Ice Follies And Holiday on Ice, Inc.
- Trade name: Disney on Ice
- Formerly: Shipstads and Johnson Ice Follies, Inc. Holiday on Ice
- Type: Subsidiary
- Industry: Entertainment
- Founders: Oscar Johnson; Eddie Shipstad; Roy Shipstad;
- Headquarters: ‹See TfM›Feld Entertainment Studio, Ellenton, Florida, United States
- Area served: Worldwide
- Production output: Touring ice shows
- Brands: Disney on Ice
- Parent: Feld Entertainment

= Ice Follies =

Touring ice show

The Ice Follies, formerly known as the Shipstads & Johnson Ice Follies, is a touring ice show featuring elaborate production numbers, similar in concept to Ice Capades. It was founded in 1936 by Eddie and Roy Shipstad and Oscar Johnson. In later years, Olympic skaters such as Donald Jackson, Barbara Berezowski, Peggy Fleming, and Janet Lynn were in the cast.

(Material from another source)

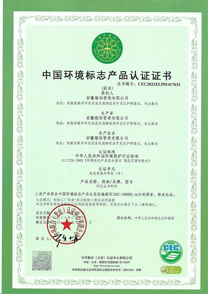 環(huán)境管理體系證書

Ice Follies also featured novelty acts such as Frick and Frack and Richard Dwyer, who was billed as "Mr. Debonair".

The production company is now called Ice Follies and Holiday on Ice, Inc., a subsidiary of Feld Entertainment which produces the shows under the Disney on Ice and "... on Ice" titles. Feld formed the new subsidiary from the Ice Follies and U.S. Holiday on Ice touring companies.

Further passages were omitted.